The substitution \( y = 5\cosh{(\theta)} \) is chosen because it matches our expression structure where \( a = 5 \). This substitution transforms \( dy \) to \( 5\sinh{(\theta)}d\theta \). The initial integral becomes:\[\int \frac{5\sinh{(\theta)}d\theta}{5\sinh{(\theta)}}\]which simplifies to \( \int 1 \, d\theta \). This simplification is achieved because the terms \( \sinh{(\theta)} \) in the numerator and denominator cancel out.

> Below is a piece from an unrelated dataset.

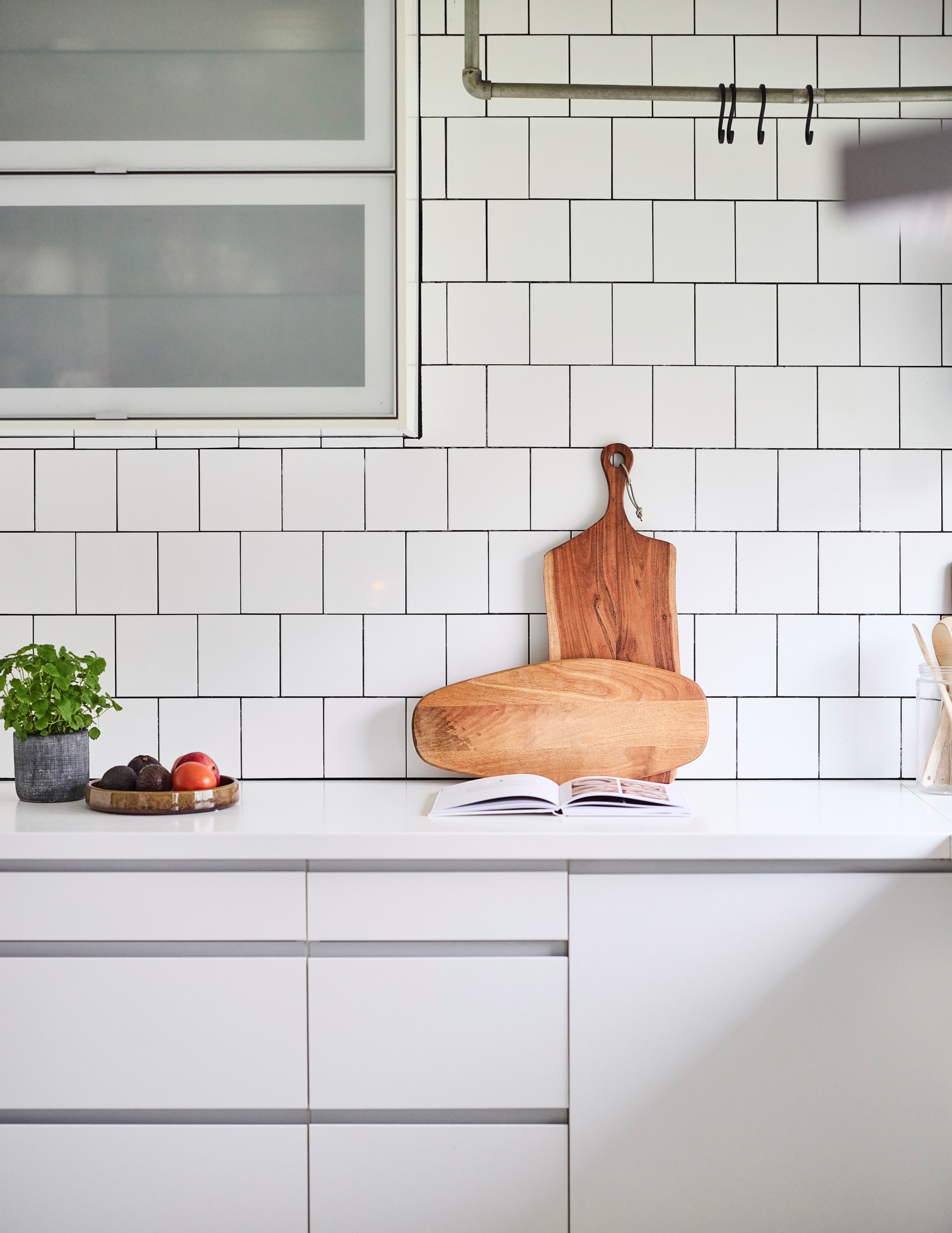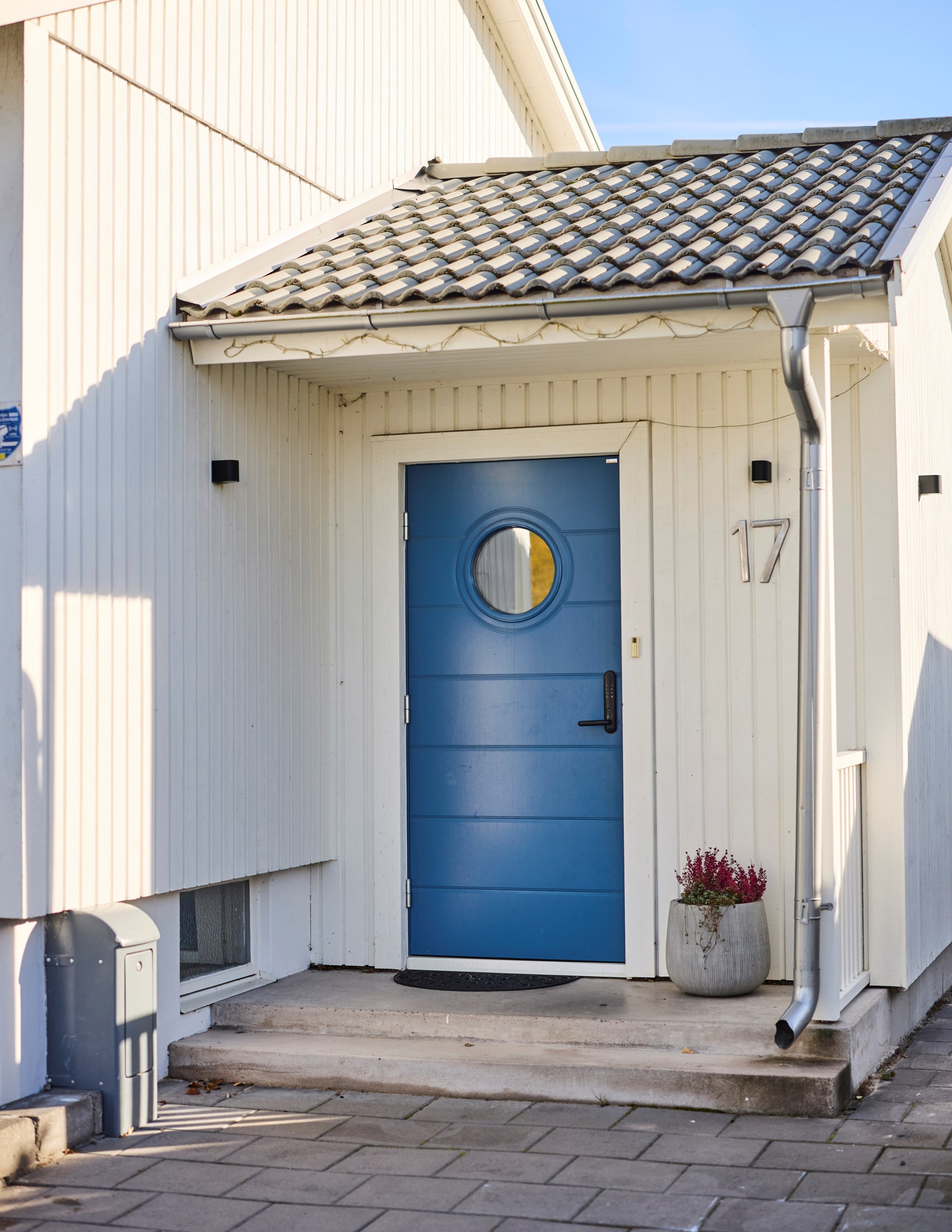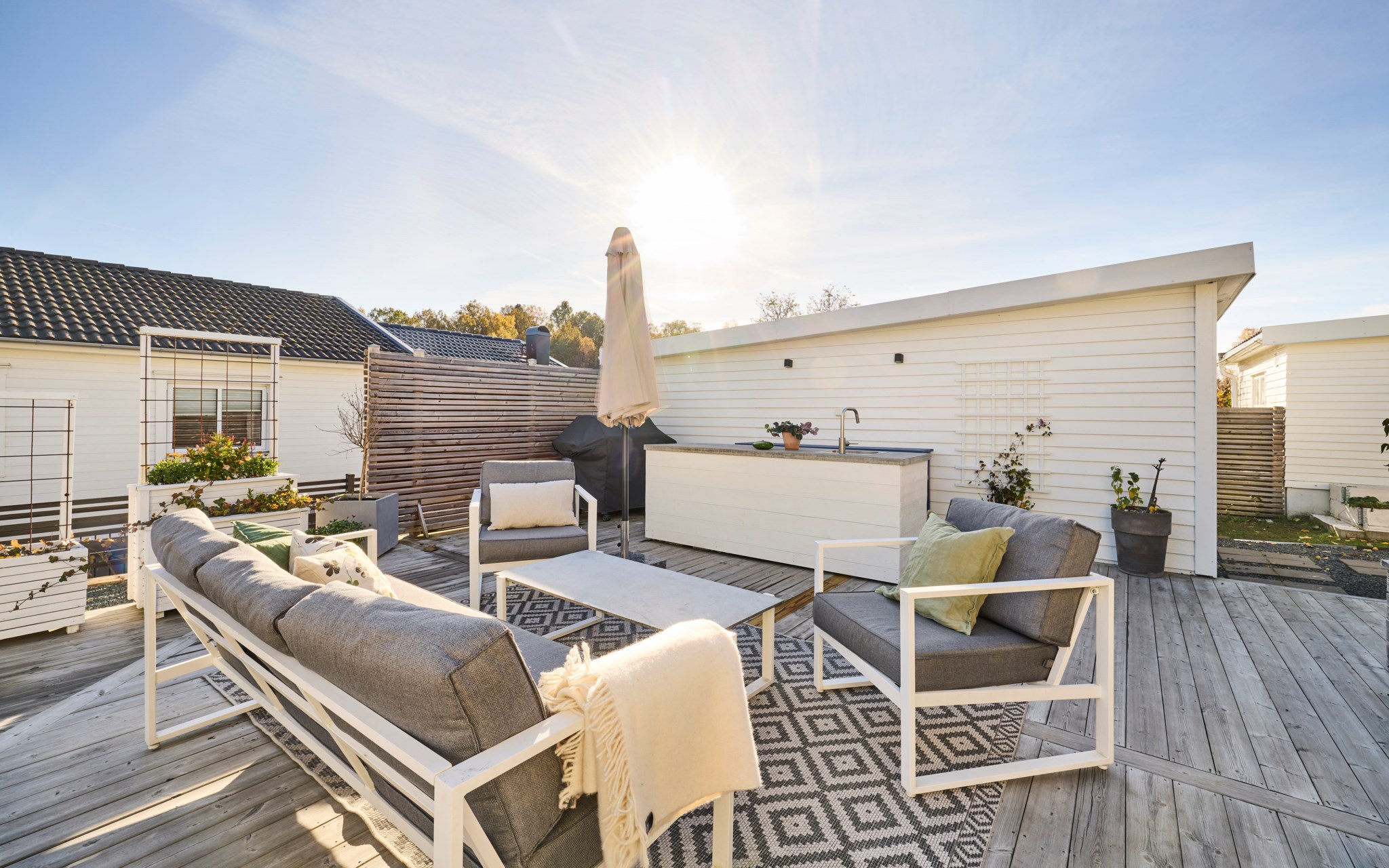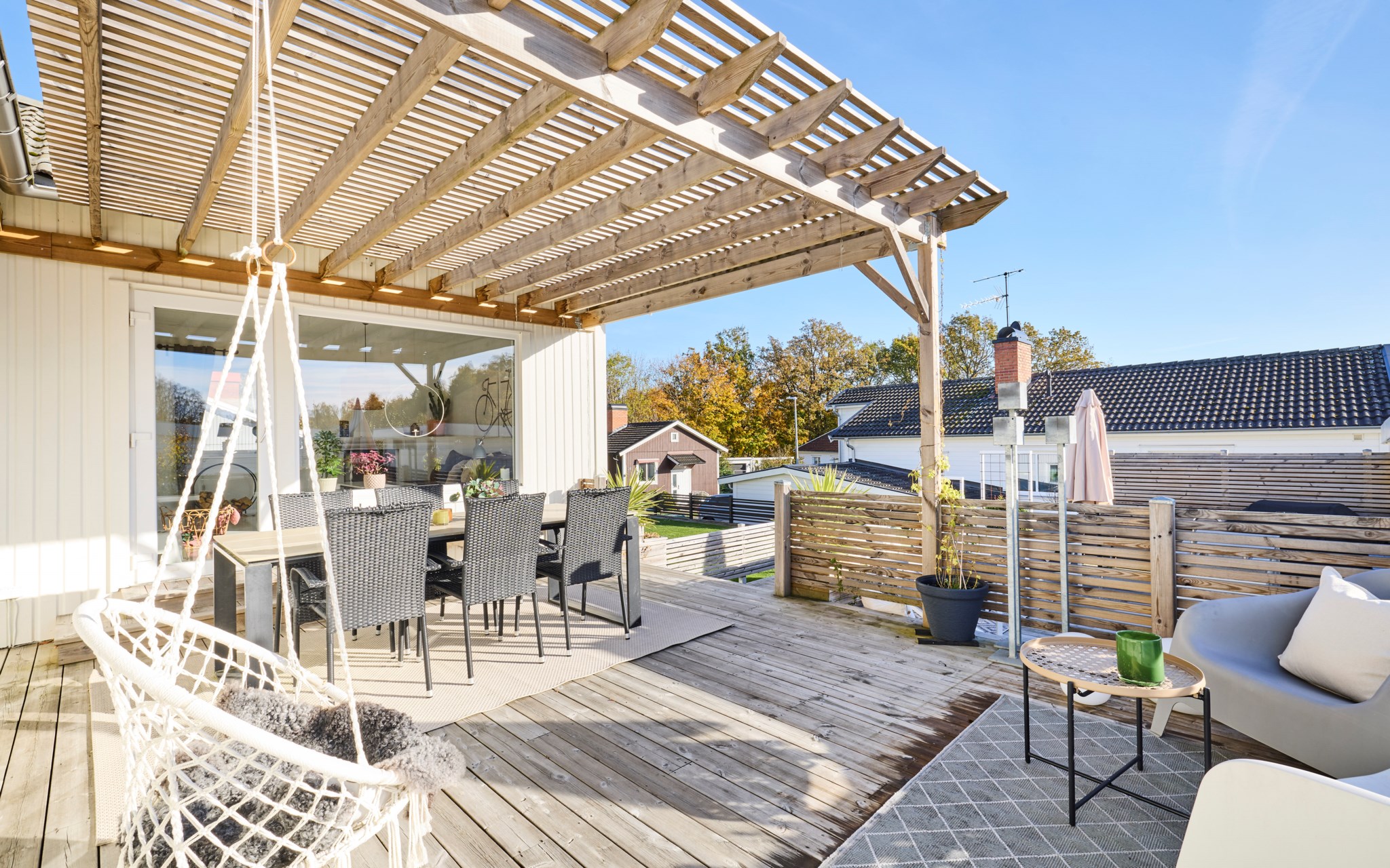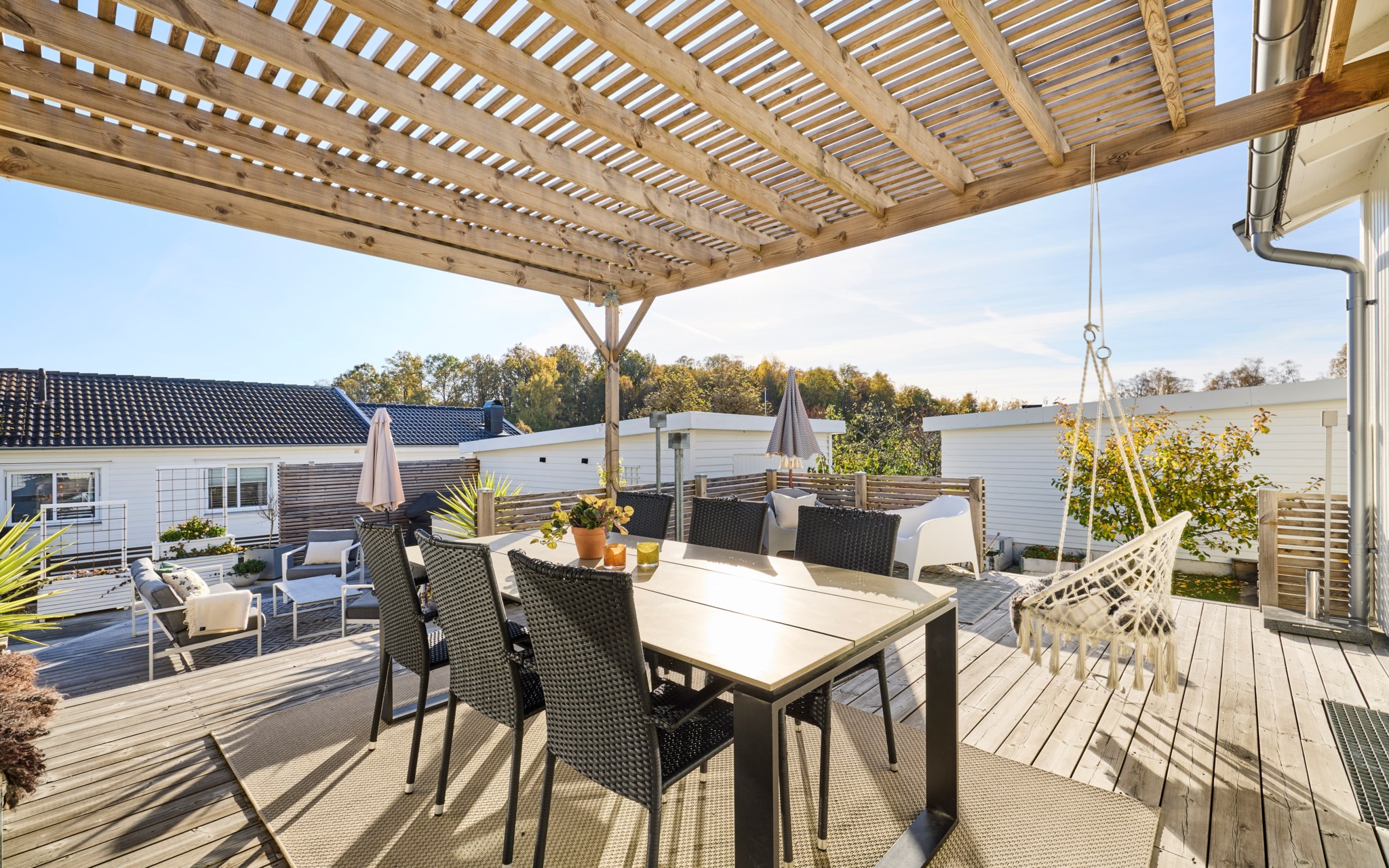 Här ute bor ni halva året och flödet från inne till ute är självklart. Från vardagsrummet kliver du rakt ut under pergolan där middagsbordet står i skugga när solen ligger på. Några steg ned leder trappan till den nedre uteplatsen med utekök och plats för soffgrupp. Intill ligger det gamla garaget som idag används som förråd – perfekt när dynor och cyklar ska ha nära hemvist. Den tidigare infarten hit är nu en grusad gång med gångstenar och insynsskyddande plank som ramar in gården.

After simplifying the integrand, we are left with a simple form for the integral: \[\int 1 \, d\theta\]This expression indicates that the integration needs to account for the entire given range of \( \theta \). This results in finding the difference between the values of \( \theta \) at the limits available after substitution. Since the integral of 1 with respect to any variable is the variable itself, the solution involves evaluating:\[\left[ \theta \right]_{\text{lower limit}}^{\text{upper limit}}\]Performing this step is straightforward—subtract the value at the lower limit from the value at the upper limit of integration.

Once we've simplified the integral using hyperbolic substitution, it's important to express the original limits of the definite integral in terms of \( \theta \). Given the original limits are from \( y = \frac{10}{\sqrt{3}} \) to \( y = 10 \), we substitute them based on our substitution \( y = 5\cosh{(\theta)} \). So, for these values:

• Calculate \( \theta = \cosh^{-1}\left(\frac{y}{5}\right) \), which provides the required limits.

Using this method:

• For \( y = \frac{10}{\sqrt{3}} \), \( \theta = \cosh^{-1}\left(\frac{2\sqrt{3}}{3}\right) \)
• For \( y = 10 \), \( \theta = \cosh^{-1}(2) \)

This transformation allows the definite integral to be properly evaluated. Inserting these limits into the integral provides the final expression from the indefinite integral evaluation, confirming the bounds of \( \theta \).